# what to do and see in Hong Kong



## davenlib (Nov 5, 2007)

I will be traveling with my sons hockey team to Hong Kong and have a few days. .what should we see and do during that time.. He is 13.


----------



## kiyotaka (Nov 6, 2007)

We were in HKG for 4 days in Sept and we follow this itinerary closely.

http://www.discoverhongkong.com/eng/attraction/itinerary/first/index.html

Specially Land between tour was good. We bought Octopus pass @ the a/p.


----------



## PLL (Dec 14, 2007)

My husband was born in HK and we will be bringing  our daughter to HK next May for her first visit.  My husband says the tram ride to Victoria Peak is a must. 

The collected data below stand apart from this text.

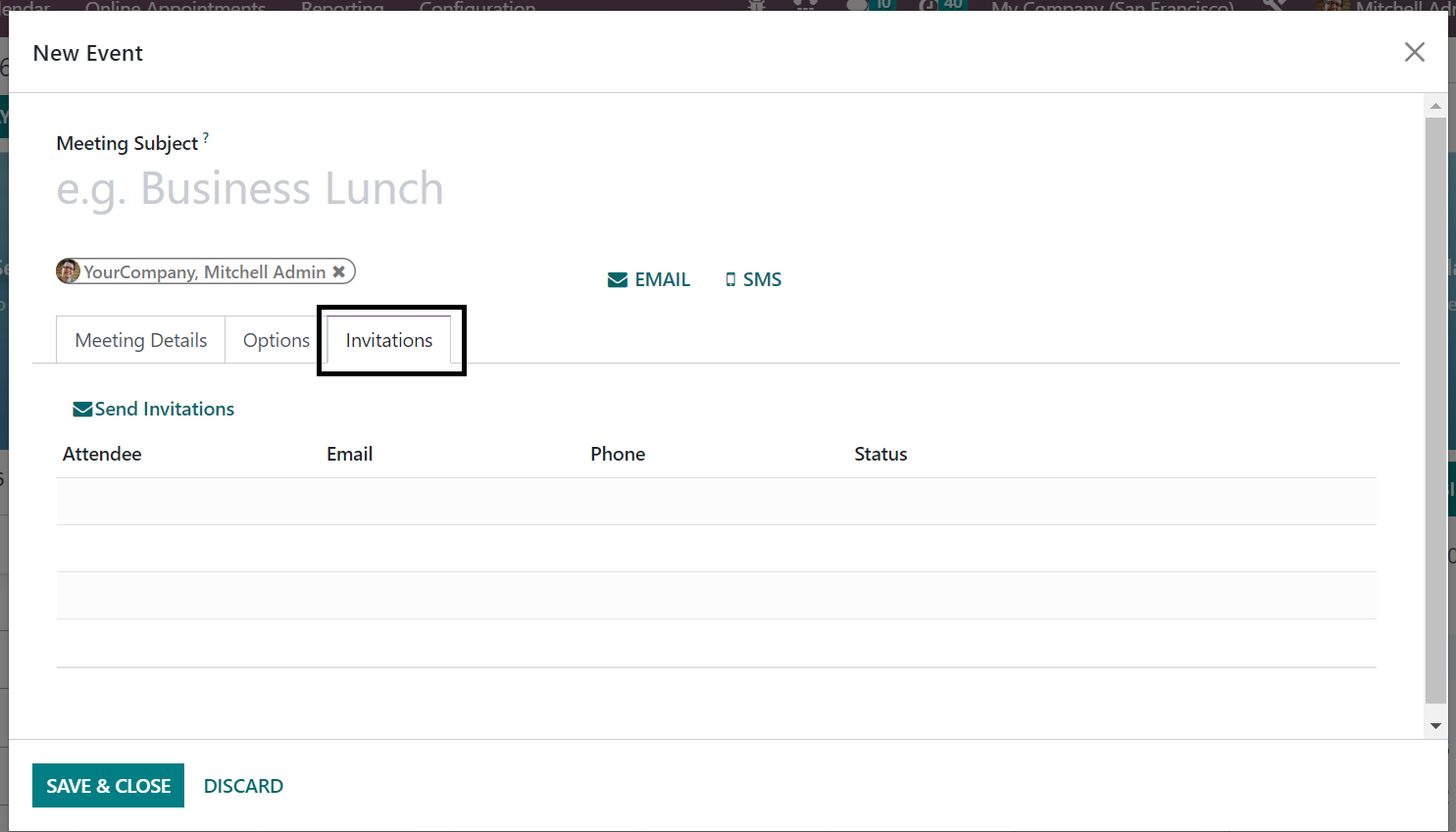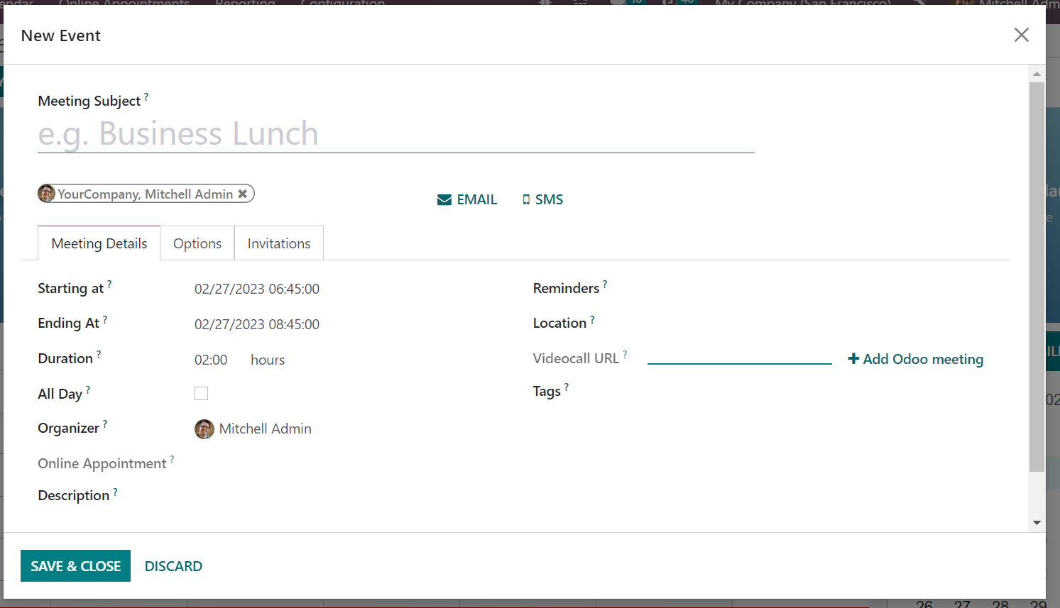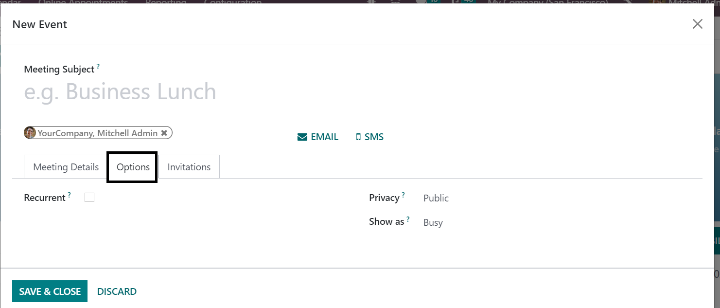 On providing the subject of the meeting, you have the Meeting details and Options tab to provide some data. Under the Meeting Details option, you can provide the starting date and Ending date of the meeting in the provided space. The duration of the meeting can be provided in the given space. All Day option can be triggered if the meeting has to be scheduled for everyday. You can mention the organizer and provide a description of the meeting that you are going to schedule in the given spaces. The Email and SMS option helps you to send the notification on the meeting to those attendees who are going to be in this meeting. You can also keep reminders, provide the space for the meeting in the location option, video call URL, and can also add Odoo meetings as well. Related tags can be added on the provided space.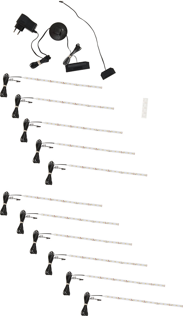 Easy-to-install LED lighting system matched to the open shelves of the bunk bed. A total of 11 LED strips connected together, switched on by a convenient foot switch. Combining a practical solution with a decorative accent, the lighting gives a pleasant, warm light.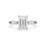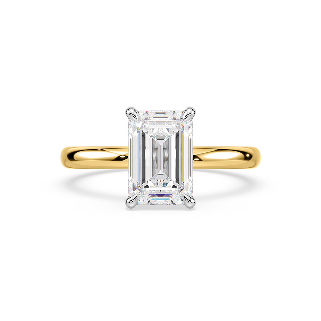 This stunning engagement ring is crafted from 18ct yellow or white gold and features a classic four-claw solitaire setting. It is set with a breathtaking 2.50ct emerald cut IGI Certified LAB GROWN diamond, renowned for its exceptional colour and clarity. Our ready-made rings are all set with diamonds of E colour and VS1 clarity or better. Designed with everyday elegance in mind, this ring is expertly crafted to allow a wedding band to sit flush alongside it, offering a seamless and timeless pairing.

I've been to "Ocean Park" years ago.  It's an amusement park much like sea world but it's different because of it's setting - the park is set into the side of the mountain with views of the ocean.  We took a cable car (scary for me because I'm scared of heights but nevertheless quite breath-taking) ride into th e park  and escalators back down into town.  There was also a gold fish exhibit that I found interesting and panda bears! Now that was over 20 yrs ago and I'm not sure how the park has changed but this might be an interesting outing for a 13 yr old.  Our daughter, though she's 20,  said she'd like to go too.  Alot of the shows are modeled after sea world, so if time is short, forgo those but it's the things unique to the park that I personally found interesting.

Here are a couple of links to info on ocean park

http://en.wikipedia.org/wiki/Ocean_Park_Hong_Kong
http://www.travelchinaguide.com/attraction/hongkong/island/ocean_park.htm

Have dim sum ( or they call it yum cha) for lunch at a dim sum restaurant.


----------